(Collection entries)
========
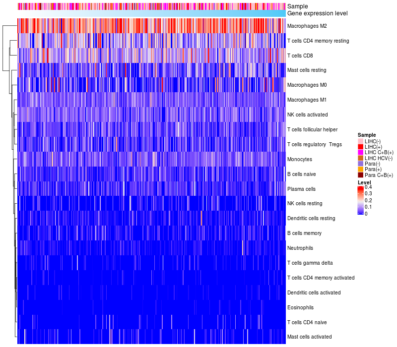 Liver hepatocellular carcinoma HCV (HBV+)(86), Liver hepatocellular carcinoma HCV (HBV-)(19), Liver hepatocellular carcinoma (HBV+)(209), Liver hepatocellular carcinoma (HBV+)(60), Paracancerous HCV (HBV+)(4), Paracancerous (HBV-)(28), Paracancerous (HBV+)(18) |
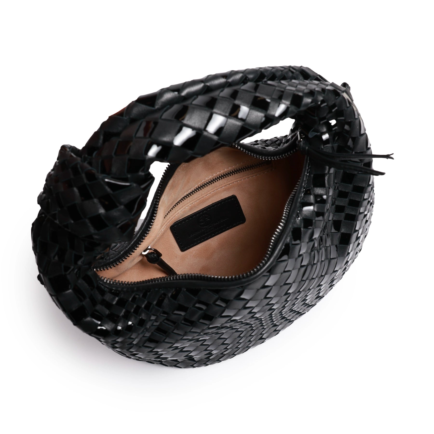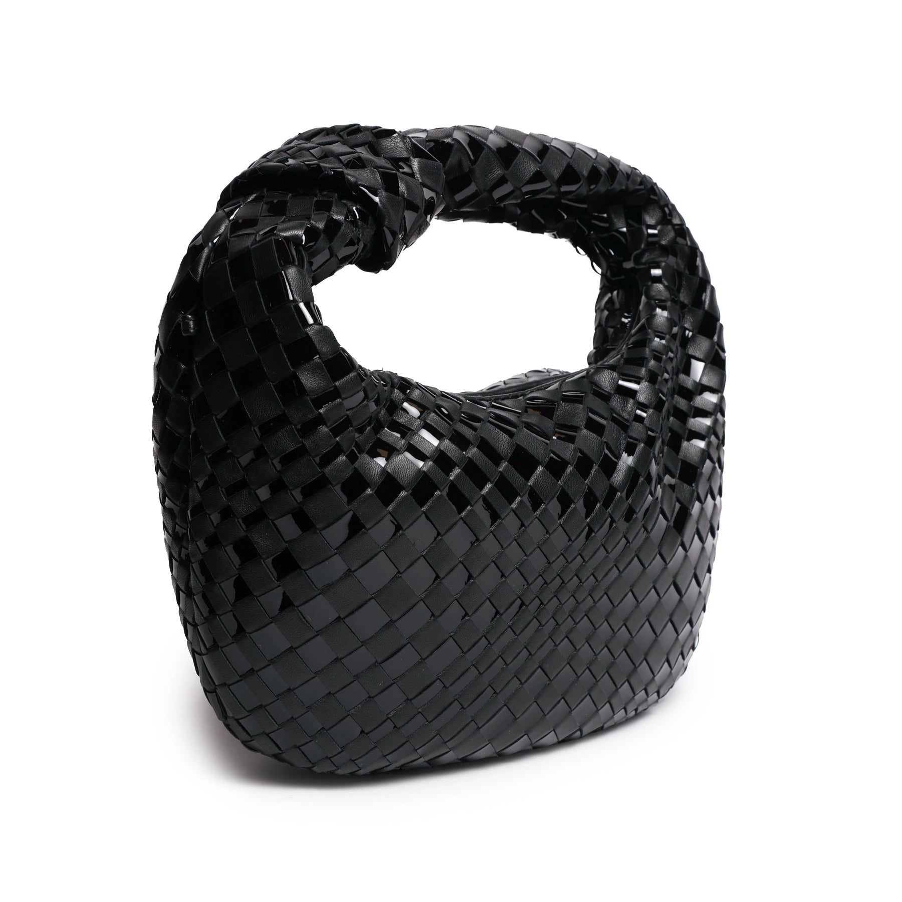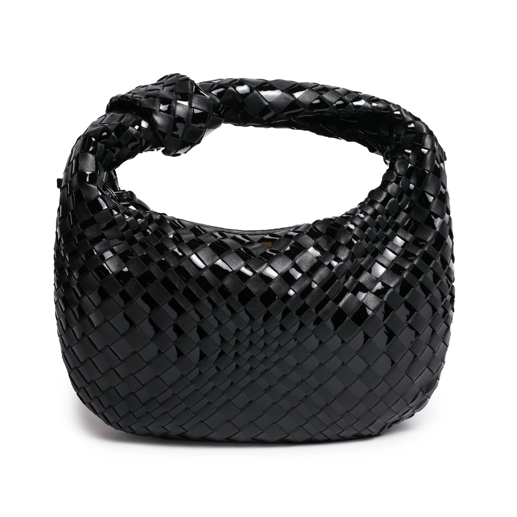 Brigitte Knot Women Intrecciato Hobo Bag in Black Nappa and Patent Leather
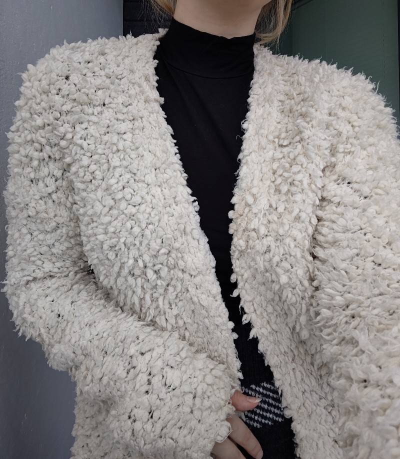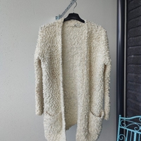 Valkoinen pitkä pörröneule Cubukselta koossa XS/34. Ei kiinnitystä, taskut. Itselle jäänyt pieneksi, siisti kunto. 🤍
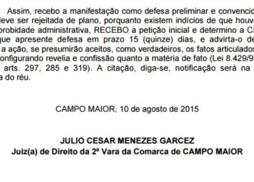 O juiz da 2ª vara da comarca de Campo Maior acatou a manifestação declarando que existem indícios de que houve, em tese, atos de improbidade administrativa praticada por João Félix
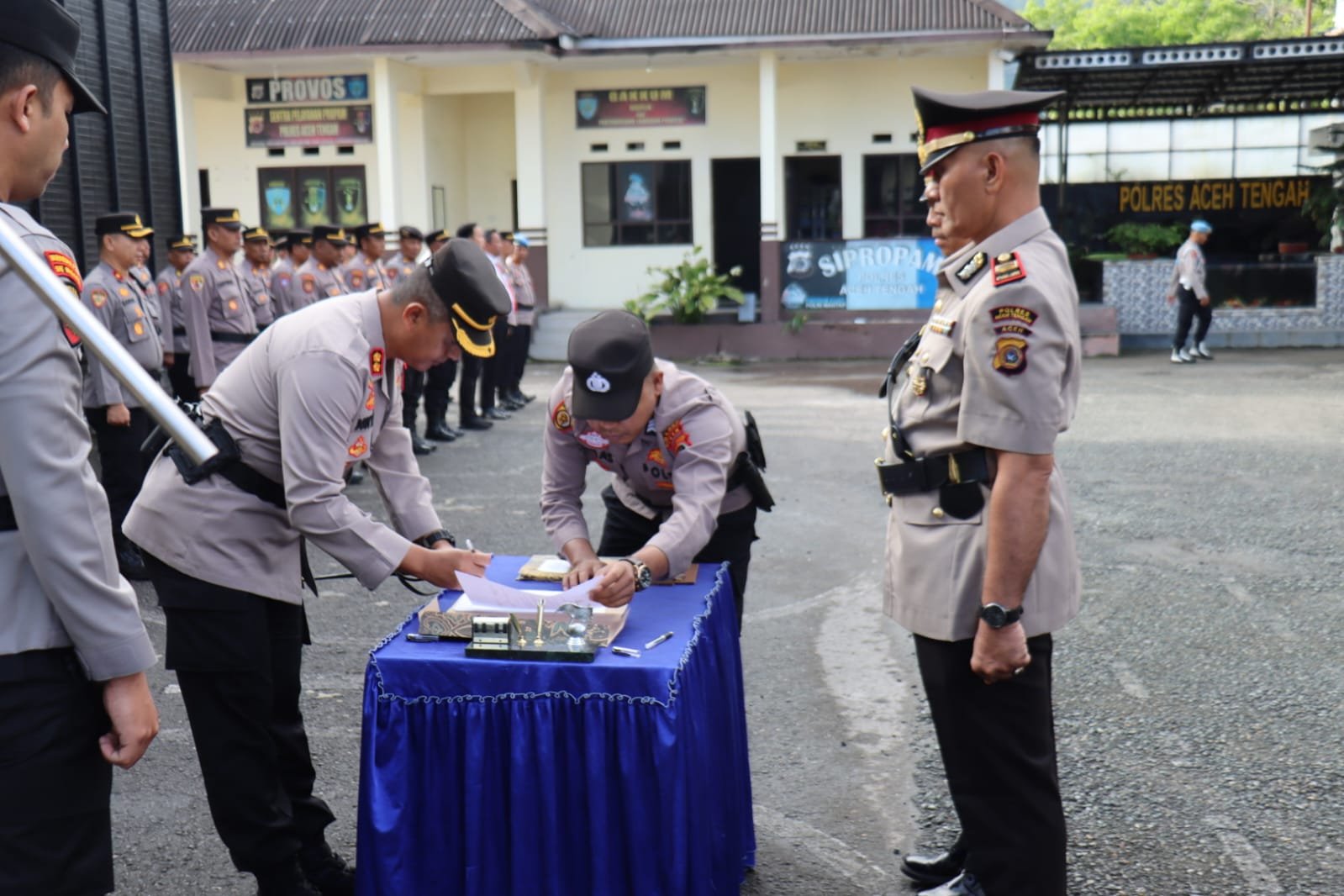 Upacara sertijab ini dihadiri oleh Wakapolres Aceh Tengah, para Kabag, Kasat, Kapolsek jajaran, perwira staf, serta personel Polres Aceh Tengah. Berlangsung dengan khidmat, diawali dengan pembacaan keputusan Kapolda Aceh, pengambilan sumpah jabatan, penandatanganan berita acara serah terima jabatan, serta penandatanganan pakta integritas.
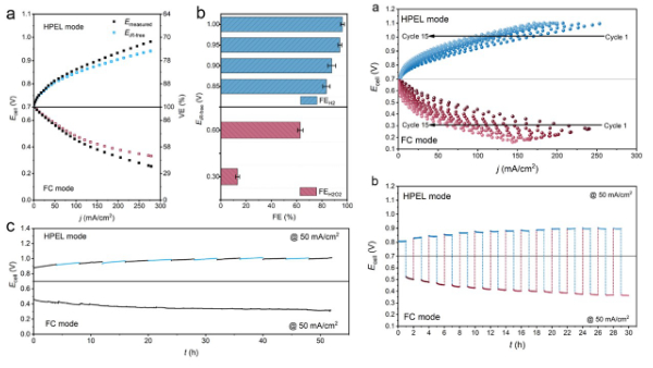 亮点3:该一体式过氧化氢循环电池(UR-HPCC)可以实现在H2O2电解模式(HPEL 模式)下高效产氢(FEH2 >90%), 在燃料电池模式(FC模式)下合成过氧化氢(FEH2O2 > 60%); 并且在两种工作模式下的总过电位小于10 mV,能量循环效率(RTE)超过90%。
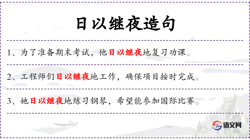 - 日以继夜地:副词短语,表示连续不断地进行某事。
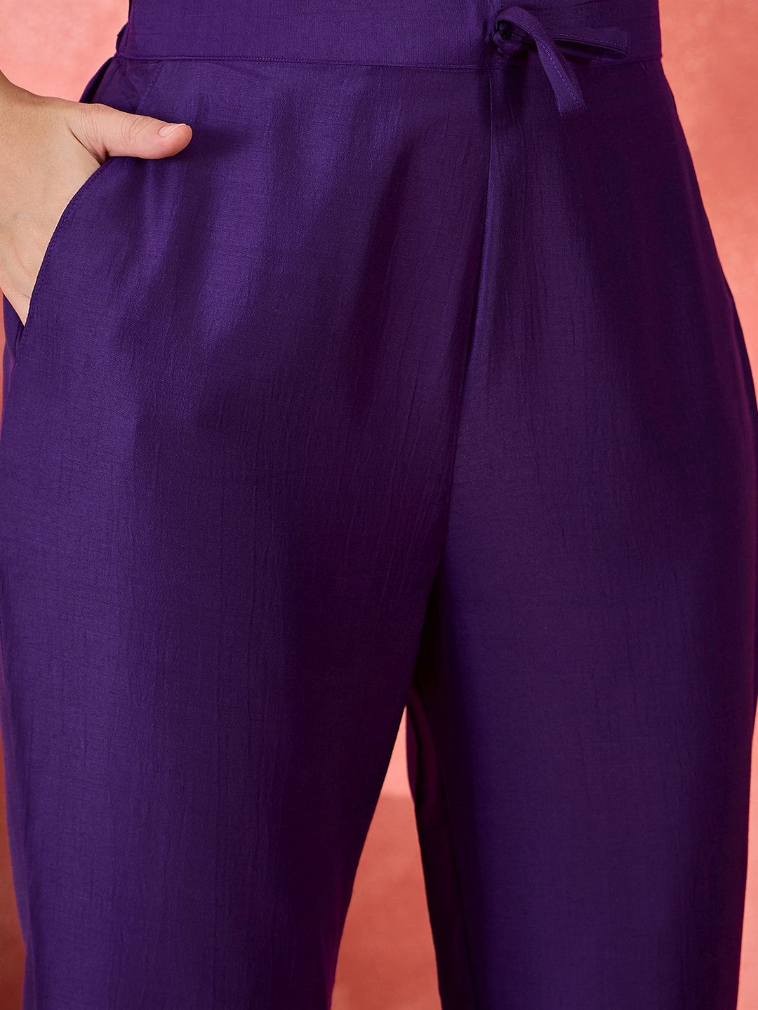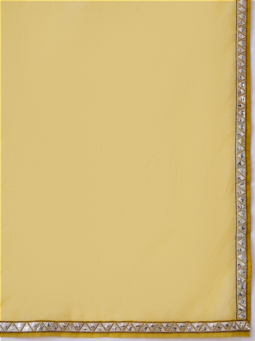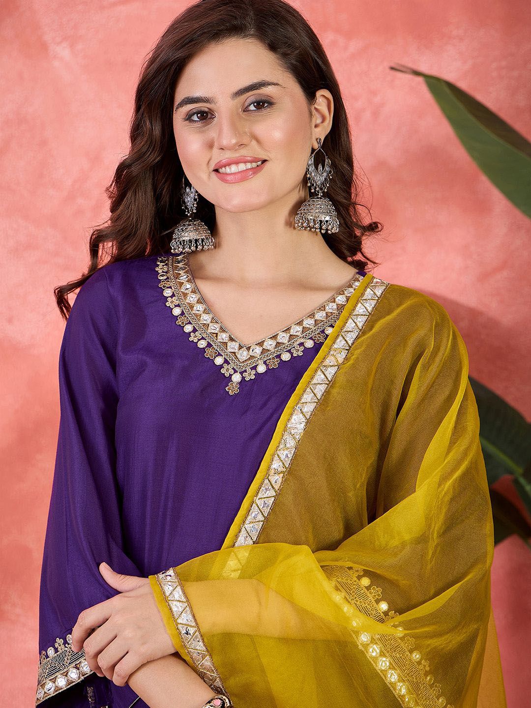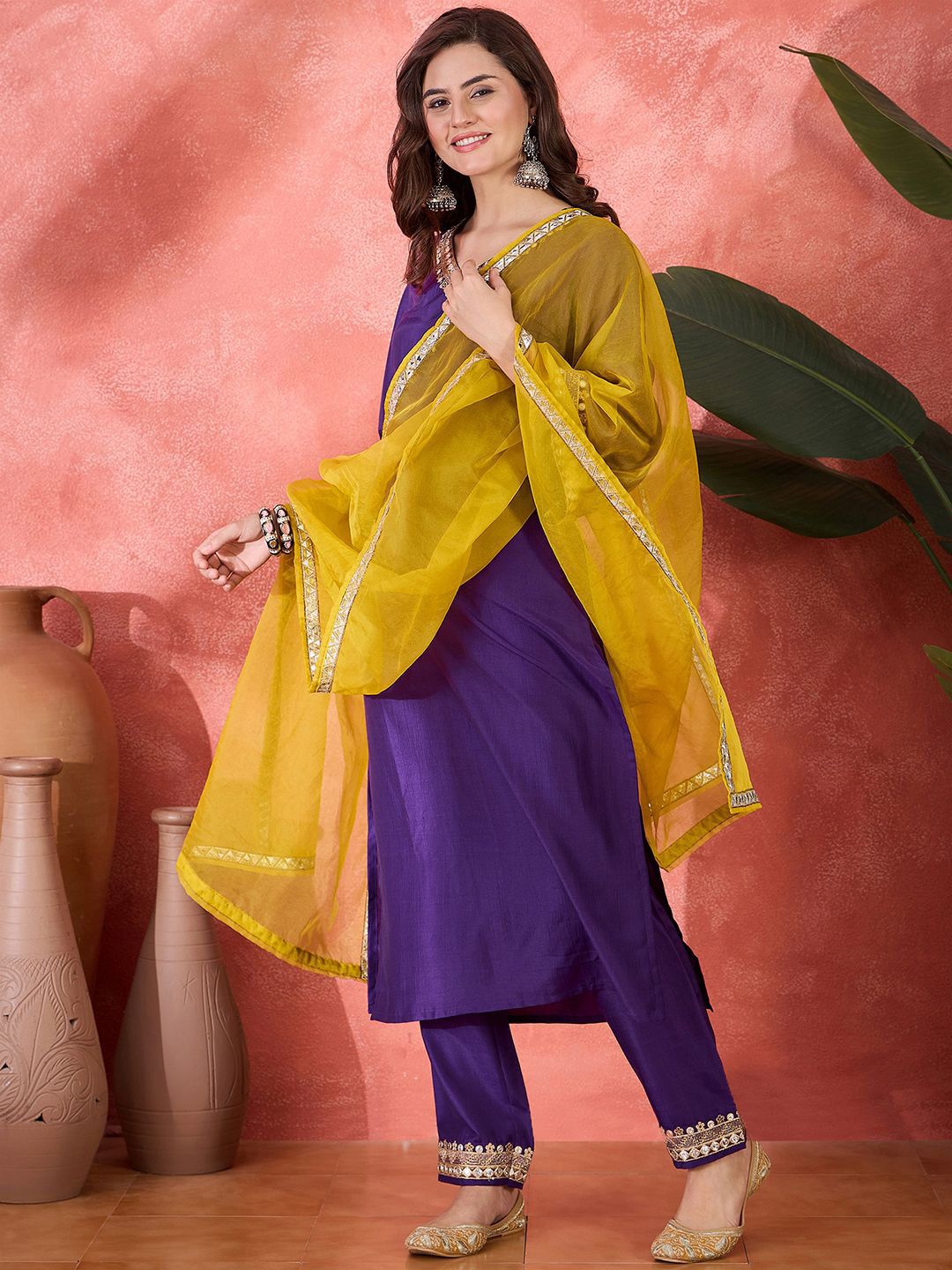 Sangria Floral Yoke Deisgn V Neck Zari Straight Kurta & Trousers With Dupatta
========
#### [TASK ITEM]
Pictures do not belong in the copy. Repeat only the lines from the top of the records through the line containing "- 日以继夜地:副词短语,表示连续不断地进行某事。".

#### [COMPLETED EXERCISE]
 Liver hepatocellular carcinoma HCV (HBV+)(86), Liver hepatocellular carcinoma HCV (HBV-)(19), Liver hepatocellular carcinoma (HBV+)(209), Liver hepatocellular carcinoma (HBV+)(60), Paracancerous HCV (HBV+)(4), Paracancerous (HBV-)(28), Paracancerous (HBV+)(18) |
 Brigitte Knot Women Intrecciato Hobo Bag in Black Nappa and Patent Leather
 Valkoinen pitkä pörröneule Cubukselta koossa XS/34. Ei kiinnitystä, taskut. Itselle jäänyt pieneksi, siisti kunto. 🤍
 O juiz da 2ª vara da comarca de Campo Maior acatou a manifestação declarando que existem indícios de que houve, em tese, atos de improbidade administrativa praticada por João Félix
 Upacara sertijab ini dihadiri oleh Wakapolres Aceh Tengah, para Kabag, Kasat, Kapolsek jajaran, perwira staf, serta personel Polres Aceh Tengah. Berlangsung dengan khidmat, diawali dengan pembacaan keputusan Kapolda Aceh, pengambilan sumpah jabatan, penandatanganan berita acara serah terima jabatan, serta penandatanganan pakta integritas.
 亮点3:该一体式过氧化氢循环电池(UR-HPCC)可以实现在H2O2电解模式(HPEL 模式)下高效产氢(FEH2 >90%), 在燃料电池模式(FC模式)下合成过氧化氢(FEH2O2 > 60%); 并且在两种工作模式下的总过电位小于10 mV,能量循环效率(RTE)超过90%。
 - 日以继夜地:副词短语,表示连续不断地进行某事。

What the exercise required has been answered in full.